Parmi les grands défis auxquels le secteur de la Santé devrait faire face au Maroc et dans le monde : la gestion des ressources humaines.

 

Selon Mohamed Boussaid, le ministre chargé de la Modernisation des secteurs publics, le développement du secteur au Maroc passe par l'adoption d'une politique efficace et efficiente des ressources humaines.

 

«Il est clair que sans personnel motivé et mobilisé, on ne peut pas prétendre à un service de qualité dans nos établissements hospitaliers», a-t-il souligné, rappelant au passage «la mauvaise répartition spatiale des ressources humaines du domaine de la santé».

 

De son côté, le représentant de l'Organisation mondiale de la santé au Maroc, le docteur Raouf Benammar, qui donnait lecture à un message du directeur régional de l'organisation, a mis l'accent sur «la demande croissante en matière des prestations sanitaires et la diminution des investissements dans le secteur.

 

Ce qui augmente la pression exercée sur le personnel.

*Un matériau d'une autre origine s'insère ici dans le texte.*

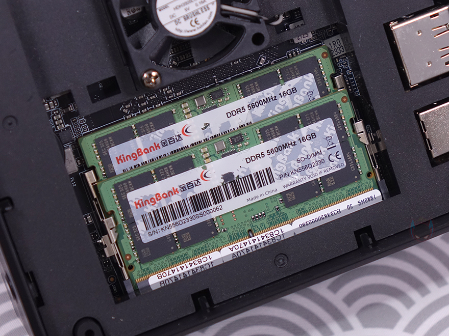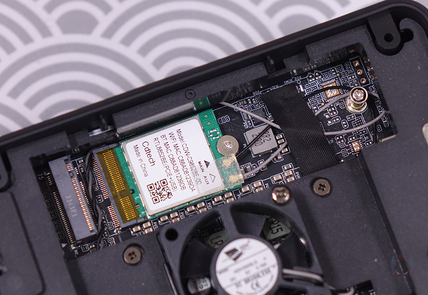 이번엔 AN3 미니 PC의 본체 밑바닥 부분을 살펴보는데, 중앙에는 에어홀 처리가 적용되어 있으며, No RAM, No Storage 옵션기준으로 앞서 언급했듯이 커버 나사가 적용되지 않은 상태이기 때문에 바로 분리가 가능합니다. 그래서, 커버를 분리해서 내부를 살펴보면, 가운데 팬을 기준으로 아랫부분에는 메모리 슬롯 2개가 배치되어 있는데, SODIMM 규격의 DDR5 메모리를 지원합니다. 그리고, 팬 기준 윗부분에는 Wi-Fi 6와 블루투스 5.2 지원의 모듈이 장착된 것을 확인할 수 있으며, 그 위에 2280 사이즈의 M.2 SSD를 장착할 수 있는데, PCIe 4.0 지원의 NVMe SSD를 지원하며 최대 2TB 용량을 지원합니다.
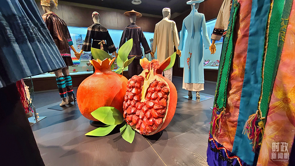 △習近平總書記曾經(jīng)形容,各民族就像石榴籽一樣緊緊抱在一起。這是廣西民族博物館中的主題雕塑。(總臺央視記者趙化拍攝)
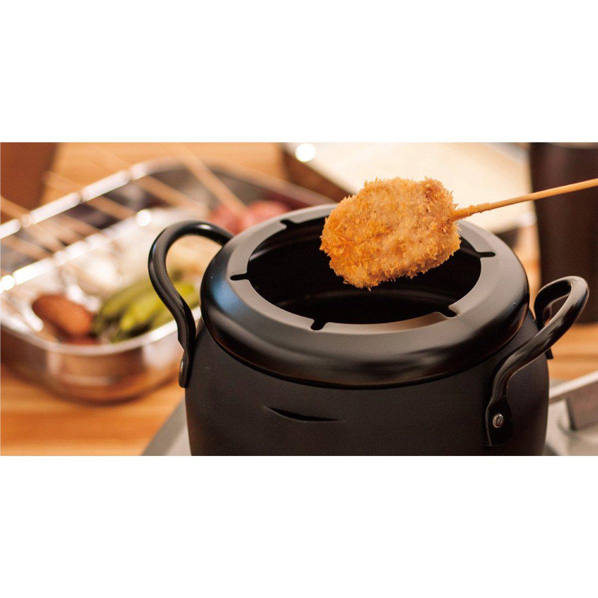 This Wahei Freiz Deep Frying Pan is made of iron and has been designed for cooking kushikatsu or Japanese deep-fried skewers.
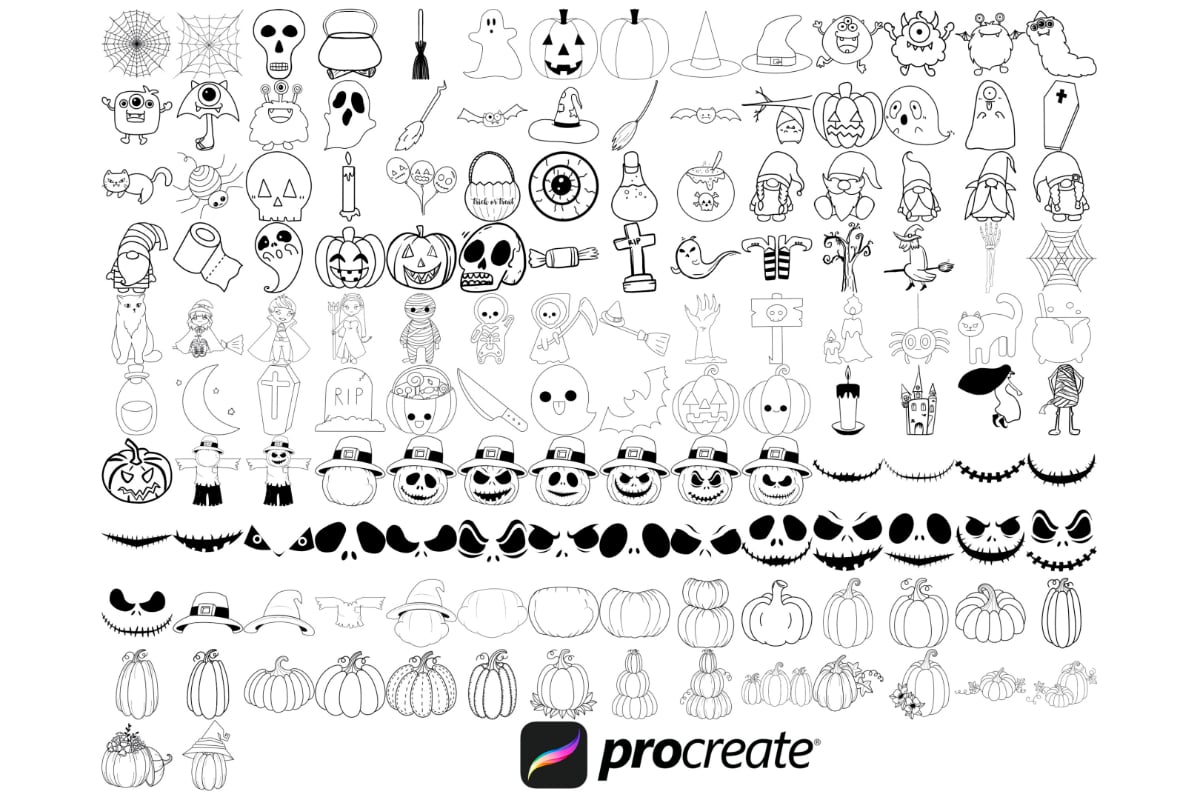 Halloween Elements Outlines Set 13 Procreate Brush Stamps, 142 Halloween Element Stamps

D'où la nécessité d'examiner attentivement les problèmes de planification et de gestion des ressources humaines».

 

M. Benammar a ajouté que «les systèmes de santé dans le monde font face à une crise tridimensionnelle : le manque de personnel, la démotivation et le manque de confiance», précisant que l'OMS estime le nombre des ressources humaines travaillant dans le secteur s'élève à 60 millions d'individus et que le déficit se chiffre en millions.